# Problem to solve
Reproduce only this stretch of the listing below: from the line with "中国成都(秋季)国际茶叶博览" through the line with "參訪的遊客在造訪梨山風景區之", exactly as written, with pictures excluded.

# Dataset extract
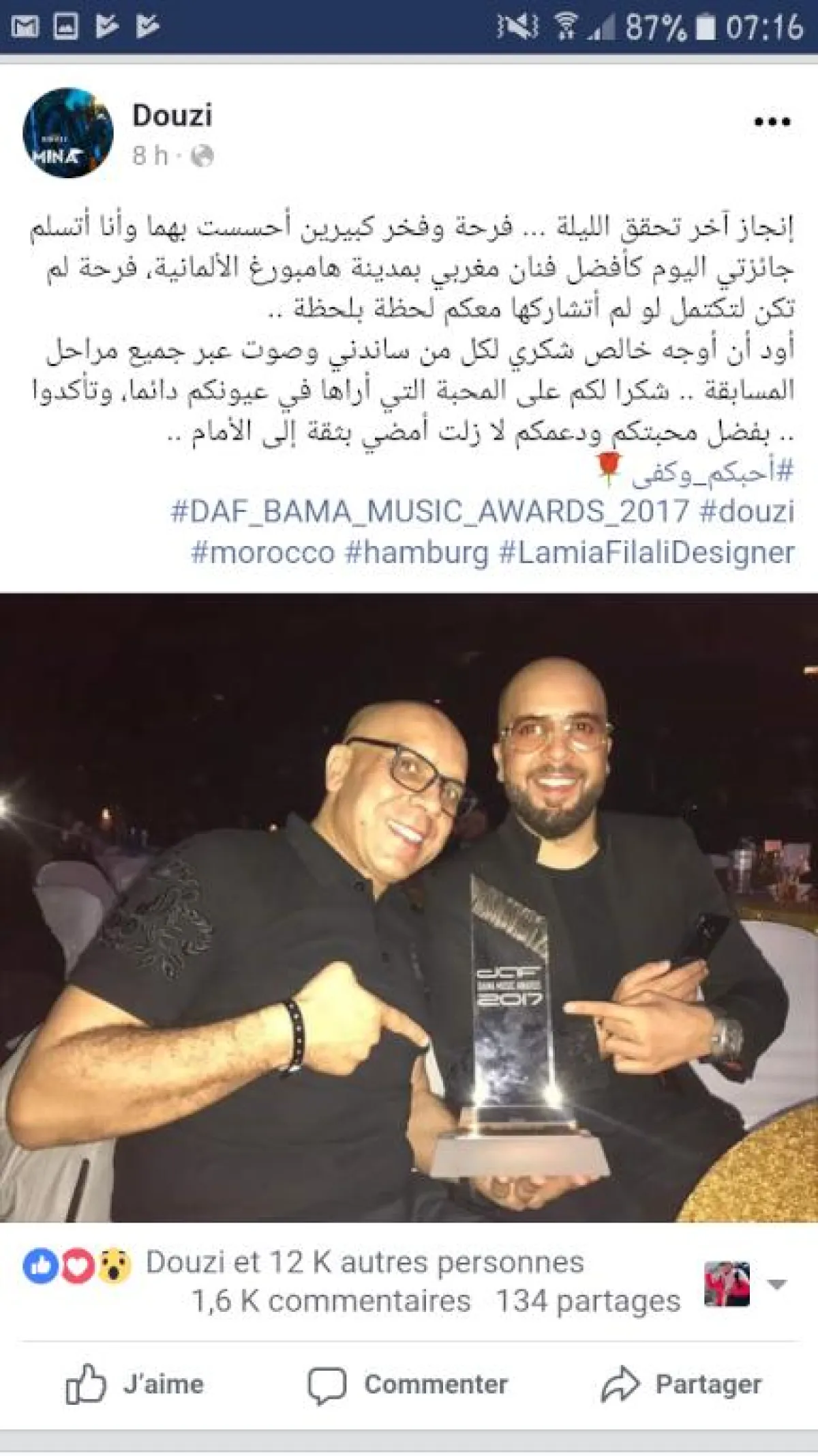 وكتب الدوزي تدوينة على حسابه الشخصي بموقع التواصل الاجتماعي انستقرام، عبر من خلالها عن شكره لجمهوره الذي سانده ومنحه صوته في مرحلة التصويت، مضيفا بالقول " إنجاز آخر تحقق الليلة ... فرحة وفخر كبيرين أحسست بهما وأنا أتسلم جائزتي اليوم كأفضل فنان مغربي بمدينة هامبورغ الألمانية، فرحة لم تكن لتكتمل لو لم أتشاركها معكم لحظة بلحظة ".
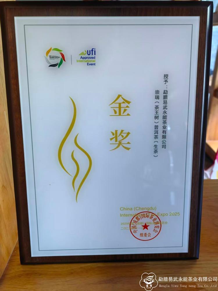 中国成都(秋季)国际茶叶博览会,于2025年11月7日,在成都世纪城展览馆举办。我公司的产品,无论是生茶、熟茶还是中期茶,都得到了成都各界爱茶人士的肯定和高度赞赏!特别是我们选送参赛的两款易武山头茶 崇瑞(天门山)普洱茶(生茶)、崇瑞(茶王树)普洱茶(生茶),更是荣获“金奖”殊荣!
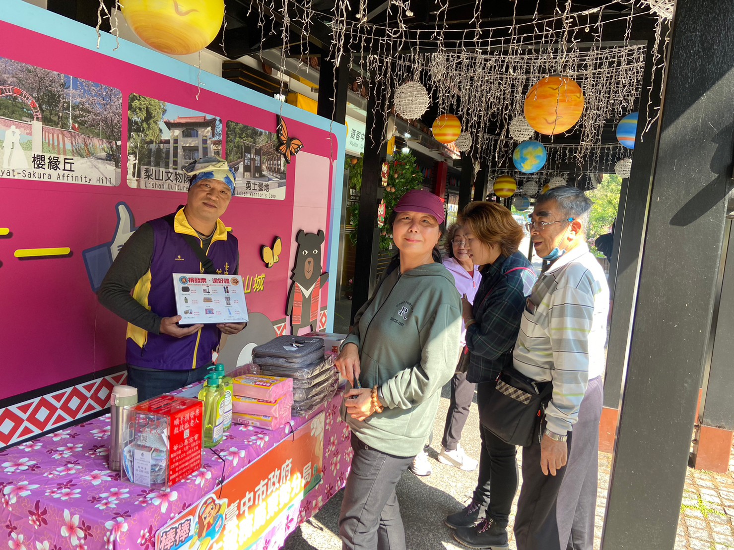 參訪的遊客在造訪梨山風景區之餘,來到租稅宣導攤位下載實用的「統一發票兌獎APP」,並踴躍捐贈發票兌換精美實用的宣導品。
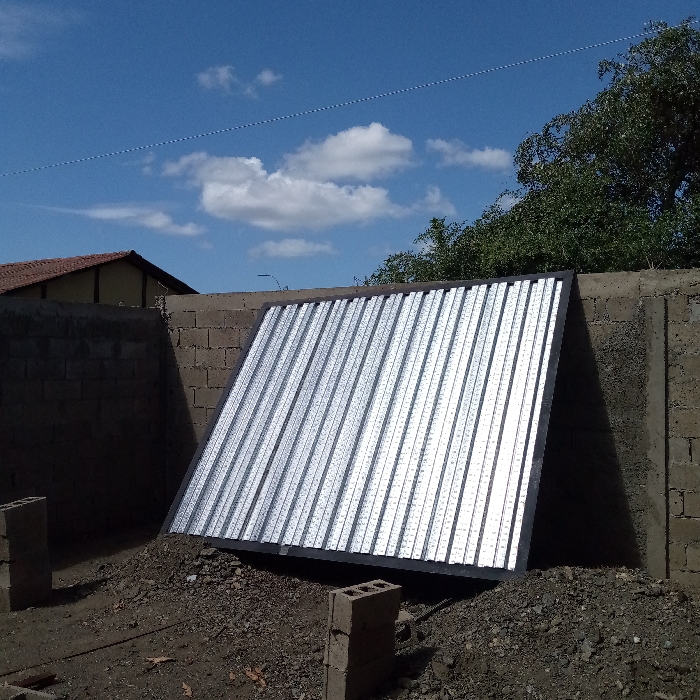 The image depicts an outdoor scene in Juan Griego, Venezuela, characterized by a construction or storage area under a clear blue sky. A large, rectangular panel, approximately 2 meters wide by 1.5 meters high, made of corrugated galvanized metal sheets encased in a black frame, leans at an approximate 60-degree angle against an unrendered concrete block wall. The ground in the foreground consists of loose, dark brown soil mixed with gravel and debris. Two hollow grey concrete blocks are positioned vertically on this uneven surface. The scene is enclosed by rough concrete block walls. Above the walls, a clear blue sky with scattered white cumulus clouds is visible, traversed horizontally by a thin utility line. To the left, a section of a building with a reddish-brown tiled roof and a light-colored wall is present. To the right, dense green tree foliage rises above the wall. No individuals are depicted.

# Exercise solution
 中国成都(秋季)国际茶叶博览会,于2025年11月7日,在成都世纪城展览馆举办。我公司的产品,无论是生茶、熟茶还是中期茶,都得到了成都各界爱茶人士的肯定和高度赞赏!特别是我们选送参赛的两款易武山头茶 崇瑞(天门山)普洱茶(生茶)、崇瑞(茶王树)普洱茶(生茶),更是荣获“金奖”殊荣!
 參訪的遊客在造訪梨山風景區之餘,來到租稅宣導攤位下載實用的「統一發票兌獎APP」,並踴躍捐贈發票兌換精美實用的宣導品。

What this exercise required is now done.